[proofplan] The converse direction follows immediately from the [atoms-lie-in-$H^1$ bound](/theorems/3176): each atom has $H^1$-norm bounded by a dimensional constant, and $H^1$ is a Banach space, so absolutely convergent atomic series converge in $H^1$ with norm controlled by $\sum|\lambda_j|$. The forward direction is the deep content. We perform a Calderón--Zygmund-type stopping-time decomposition of $f$ at each dyadic level $\lambda_k = 2^k$, producing a good part bounded in $L^\infty$ by $\lambda_k$ and a bad part supported on a Whitney-type union of cubes with mean zero on each cube.

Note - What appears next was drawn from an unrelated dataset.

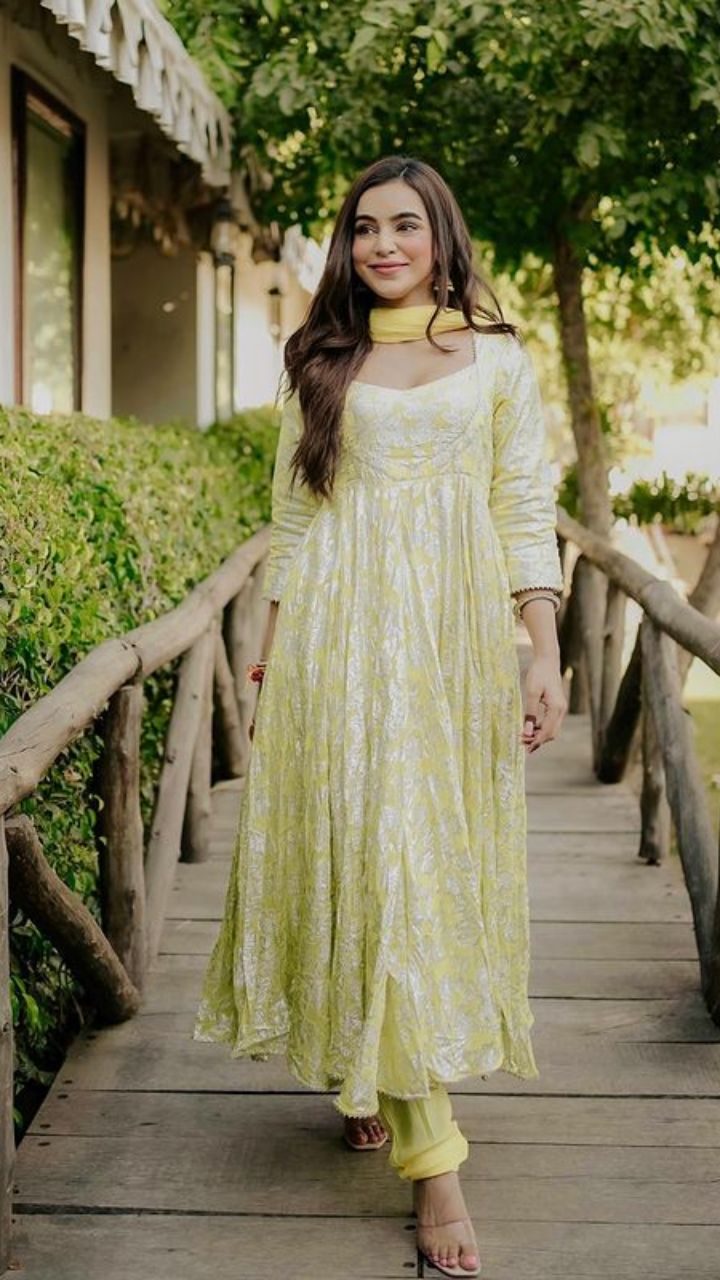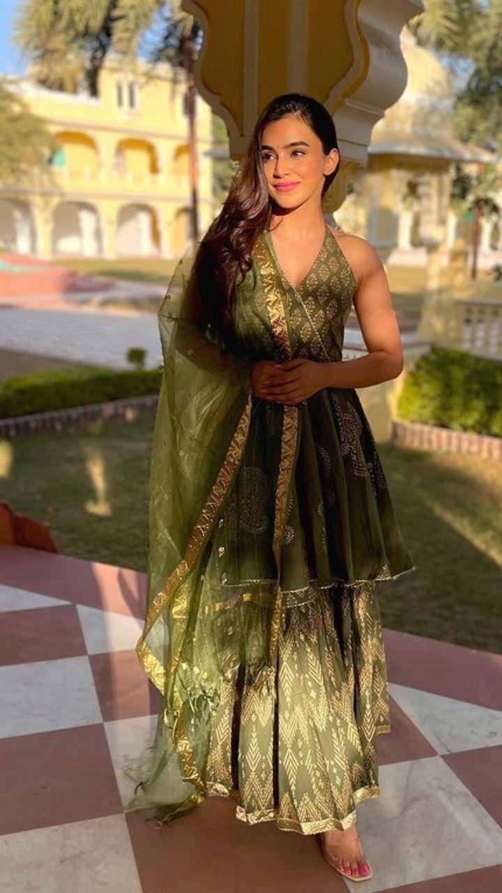 Ankita looked beautiful in a green Anarkali suit with golden and pink details. She elevated her look with a side-parted open hairdo and a bindi.

The differences $g_{k} - g_{k-1}$ between successive good parts decompose into atoms supported in slightly enlarged cubes from level $k$, and the $\ell^1$ sum of the resulting coefficients is controlled by $\sum_k \lambda_k\,|\{M_\varphi f > \lambda_k\}|$, which by a layer-cake identity equals (up to constants) $\|M_\varphi f\|_{L^1} = \|f\|_{H^1}$. [/proofplan]

[step:Establish the converse direction from the atoms-in-$H^1$ bound] Suppose $\{a_j\}_{j=1}^\infty$ are $H^1$-atoms and $(\lambda_j)_{j=1}^\infty \in \ell^1(\mathbb{N})$. By the [Atoms Lie in $H^1$ theorem](/theorems/3176), there is a constant $C_n > 0$ with $\|a_j\|_{H^1(\mathbb{R}^n)} \le C_n$ for every $j$. The partial sums $S_N := \sum_{j=1}^N \lambda_j a_j$ form a Cauchy sequence in $H^1(\mathbb{R}^n)$: for $N < M$, \begin{align*} \|S_M - S_N\|_{H^1} = \biggl\|\sum_{j=N+1}^M \lambda_j a_j\biggr\|_{H^1} \le \sum_{j=N+1}^M |\lambda_j|\,\|a_j\|_{H^1} \le C_n\sum_{j=N+1}^M |\lambda_j|, \end{align*} and the right-hand side tends to zero as $N \to \infty$ by absolute summability of $(\lambda_j)$. Since $H^1(\mathbb{R}^n)$ is complete (it is a closed subspace of $L^1$ in the equivalent maximal-function norm; alternatively, completeness follows from the equivalence with the Riesz-transform characterisation), the partial sums converge in $H^1$ to some $f \in H^1$, and \begin{align*} \|f\|_{H^1(\mathbb{R}^n)} \le \sum_{j=1}^\infty |\lambda_j|\,\|a_j\|_{H^1} \le C_n\sum_{j=1}^\infty|\lambda_j|. \end{align*} The convergence in $H^1$ implies convergence in $\mathcal{S}'(\mathbb{R}^n)$ (since $H^1 \hookrightarrow L^1 \hookrightarrow \mathcal{S}'$), so $f = \sum_j \lambda_j a_j$ in $\mathcal{S}'$. [/step]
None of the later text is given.